American collegiate basketball conference

The Atlantic Coast Conference (founded in 1953) is one of the premier college basketball conferences in NCAA Division I. The current ACC champions are the Duke men's basketball team.

==Members==

| Institution | Nickname | Location | Founded | Years in the ACC | School Type | Enrollment |
|---|---|---|---|---|---|---|
| Boston College | Eagles | Chestnut Hill, Massachusetts | 1863 | 2005–present | Private/Catholic (Jesuit) | 15,106 |
| California | Golden Bears | Berkeley, California | 1868 | 2024–present | Public | 45,307 |
| Clemson | Tigers | Clemson, South Carolina | 1889 | 1953–present | Public | 29,077 |
| Duke | Blue Devils | Durham, North Carolina | 1838 | 1953–present | Private/Nonsectarian | 16,780 |
| Florida State | Seminoles | Tallahassee, Florida | 1851 | 1991–present | Public (State University System of Florida) | 44,308 |
| Georgia Tech | Yellow Jackets | Atlanta, Georgia | 1885 | 1978–present | Public (University System of Georgia) | 47,961 |
| Louisville | Cardinals | Louisville, Kentucky | 1798 | 2014–present | Public | 24,123 |
| Miami | Hurricanes | Coral Gables, Florida | 1925 | 2004–present | Private/Nonsectarian | 19,852 |
| North Carolina | Tar Heels | Chapel Hill, North Carolina | 1789 | 1953–present | Public (University of North Carolina) | 32,234 |
| NC State | Wolfpack | Raleigh, North Carolina | 1887 | 1953–present | Public (University of North Carolina) | 37,873 |
| Notre Dame | Fighting Irish | South Bend, Indiana | 1842 | 2013–present | Private/Catholic (Congregation of Holy Cross) | 13,174 |
| Pittsburgh | Panthers | Pittsburgh, Pennsylvania | 1787 | 2013–present | State-related/Nonsectarian | 31,237 |
| SMU | Mustangs | Highland Park, Texas | 1911 | 2024–present | Private/Nonsectarian | 12,544 |
| Stanford | Cardinal | Stanford, California | 1885 | 2024–present | Private/Non-denominational | 17,529 |
| Syracuse | Orange | Syracuse, New York | 1870 | 2013–present | Private/Nonsectarian | 22,589 |
| Virginia | Cavaliers | Charlottesville, Virginia | 1819 | 1953–present | Public | 25,944 |
| Virginia Tech | Hokies | Blacksburg, Virginia | 1872 | 2004–present | Public | 38,294 |
| Wake Forest | Demon Deacons | Winston-Salem, North Carolina | 1834 | 1953–present | Private/Nonsectarian | 9,121 |

==History==

The early roots of ACC basketball began primarily thanks to two men: Everett Case and Frank McGuire. Case had been a successful high school coach in Indiana who accepted the head coaching job at North Carolina State at a time that the school's athletic department had decided to focus on competing in football on a level with Duke, then a national power in college football. Case's North Carolina State teams dominated the early years of the ACC with a modern, fast-paced style of play. He became the fastest college basketball coach to reach many "games won" milestones.
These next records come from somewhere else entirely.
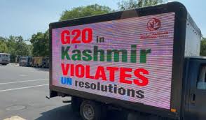 The electronic screens mounted on the trucks carried messages such as: “No Election, No Selection: UN Resolutions Only Solution” and “India: Stop Land Grabbing in Kashmir.”
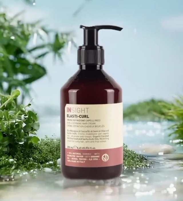 La fórmula de la Crema modeladora para cabellos rizados de Insight contiene aceite ecológico de coco, aceite de semillas de chía y aceite de sacha inchi, que dejan el cabello suave e hidratado, listo para el siguiente paso.. deja el cabello rizado y ondulado elástico, nutrido y luminoso.
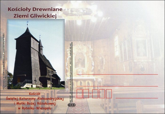 Kościół Świętej Katarzyny Aleksandryjskiej i Matki Bożej Różańcowej w Rybniku-Wielopolu na kartce okolicznościowej wydanej przez Gliwicki Klub Kolekcjonera. Św. Katarzyna Aleksandryjska - patronka kolejarzy w Polsce.
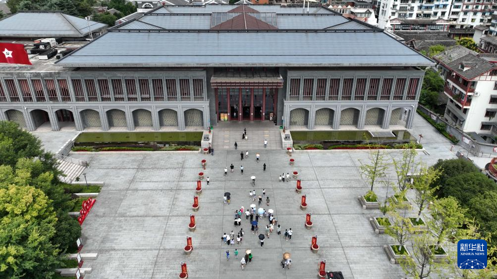 8月13日,游客在遵义会议陈列馆参观游览(无人机照片)。新华社记者 杨楹 摄pagebreak
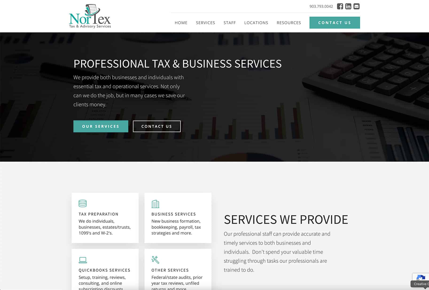 NorTex Tax & Accounting Services opened a new location on Richmond Road offering professional Tax & Business Services to the Texarkana Area. The project was a new website design focusing on being clean and user friendly.

Case eventually became known as The Father of ACC Basketball. Despite his success on the court, he may have been even a better promoter off-the-court. Case realized the need to sell his program and university. State had originally started construction on Reynolds Coliseum in 1941, but stopped construction during the war. It was originally slated to seat 10,000 people, but Case persuaded school officials to expand the arena to 12,400 people. It opened as the new home court for his team in 1949; at the time, it was the largest on-campus arena in the South. As such, it was used as the host site for many Southern Conference tournaments, ACC tournaments, and the Dixie Classic, an annual event involving the four ACC teams from North Carolina as well as four other prominent programs from across the nation. The Dixie Classic brought in large revenues for all schools involved and soon became one of the premier sporting events in the South.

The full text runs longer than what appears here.